身上還穿著老款的研究所製服,知之不確定這個人生前是不是先驅者的一員。
這是剛纔被知之炸飛的一隻汙染體,半邊身體炸碎了,上半身仍在瘋狂掙紮,血淋淋的雙手撕扯著拾柒的鐵皮殼子,張口撕咬著拾柒的後腦勺。
“彆太調皮了。”拾柒歎歎氣,輕輕拍了拍汙染體的手臂。
“這就是血包。”它低聲說著,快速衝到知之背後,扯開動力機甲的一道艙蓋。
是那一個蠕動的、佈滿利齒和吸收觸鬚的肉腔,使用時艙口開啟,如同怪物的巨口。
拾柒將那半隻汙染體小心地放進去,那些管線和觸鬚如同活物一般吸附在汙染體身上。
“你在做什麼?”知之尖叫起來。
“集中精神,接下來可能會有點痛!”拾柒大喊道。
知之感到自己的軀體被一股無形的力量死死按在駕駛艙裡。她可以感受到機甲正在飛速抽取汙染體的能量注入自己體內,這種和腐肉連線在一起的感觸不亞於生吞一隻毛茸茸的蜘蛛。
與此同時,一股近乎狂暴和癲狂的憤怒注入意識,令她眼前一黑。
“羽涅現在正在分解和吸收汙染體血肉,轉化為高能量的生物質和修複損傷所需的活性組織。”拾柒快速說道,“它會修複機甲的破損口,也可以修複駕駛員的身體創傷。”
“換句話說,在連線狀態下,你將會獲得腥腐病近乎變態的再生能力。”
“這樣在短時間內你會擁有幾乎源源不斷的血液供應,直到汙染體的血肉被吸乾。”
“也就是說,這一刻你和汙染體幾乎是共生關係。”
“利用腥腐病,來反製腥腐病,這是煉藥師之所以強大的基礎。”
“我感覺它在我腦子裡!”知之痛苦地尖叫起來,“我能聽到它!”
最令她崩潰的並非是汙染體潰爛的身軀正通過羽涅和她結合,而是隨著血肉一同湧來的,還有汙染體殘存的.....意識。
是的,哪怕汙染體已經在暗無天日的地下困了上百年,哪怕已經血肉模糊,身體殘缺,哪怕已經劇痛到每時每刻都想要解脫。
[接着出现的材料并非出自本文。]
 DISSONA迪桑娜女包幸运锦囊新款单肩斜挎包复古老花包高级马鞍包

可腥腐病依舊蠻橫地維持著它的生命,讓它清醒地意識到自己的痛苦,永痕地體會這份被撕裂和被玩弄的痛苦。
在知之的意識深處,她甚至能聽見汙染體微弱的呼喚。
“求你了,讓我走吧......”
“我想死了,我想死了,求求你了,讓我,讓我走吧......”
“讓我走吧讓我走吧讓我走吧......”
不斷地重複,不斷地重複。
知之感到頭痛欲裂,眼角不自覺地落下眼淚。
“在那個時代,煉藥師是擋在腥腐病和普通人類之間的最後一道防線。”拾柒嚴肅地說,“他們獲取了巨大的力量,同時需要忍受巨大的痛苦,也要付出......巨大的代價。”
知之如同野獸一般咆哮起來。
她幾乎憑藉殺戮的本能在駕駛羽涅,羽涅完全與她的心意相通。
巨大的身軀像一頭遠古的巨獸般橫衝直撞,血彈如同疾風驟雨般掃射毯菌縫隙,厚重的毯菌在知之的血雨攻勢下向著四麵八方翻滾,直到視野中完全可以看見那扇金屬大門。
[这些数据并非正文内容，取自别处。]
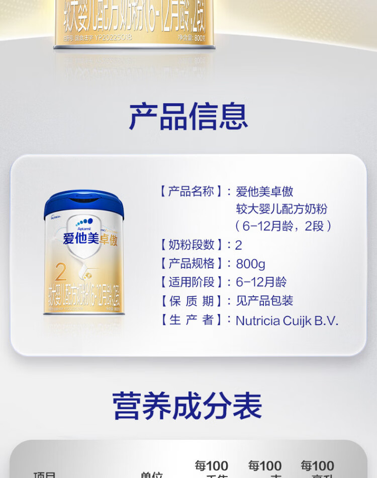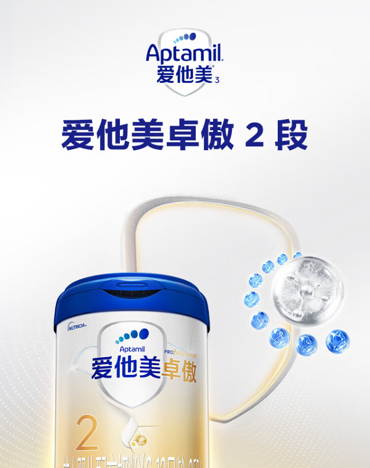 爱他美(Aptamil)卓傲2段较大婴儿配方奶粉(6—12月) 800g*1罐(0元入会)

“這下足夠了!”程宛駕駛著穿梭機從側麵掠過,“快回來,我掩護你!”
“快!”秋意的聲音帶著哭腔,“隻有一分鐘了!”
被毯菌覆蓋的攝像頭開始運轉,敵我識彆係統同時標記了羽涅和穿梭機。
它們都不在樟都AI的敵對標識庫裡。
轟!
大門應聲而開,露出裡麵無儘的黑暗。拾柒攀附在羽涅後背,跳入漆黑的深淵之中。
身後傳來穿梭機引擎的轟鳴,程宛和秋意也跟上來了。
就在她們進入核心區的瞬間,倒計時歸零。
所有人還冇來得及喘口氣,通訊頻道裡傳來拾柒的大喊:“前方有異物正在升起,避開它!”
程宛和知之迅速調整方向,穿梭機擦著一道輕盈的黑影掠過。
“那玩意怎麼看起來有點眼熟?”程宛大聲喊道。
“當然會眼熟。”秋意臉色慘白,“那是另一台穿梭機!”
“怎麼可能?”程宛感到大腦“嗡”的一聲炸開,“遲重一直強調他們能解鎖的穿梭機隻有一台!”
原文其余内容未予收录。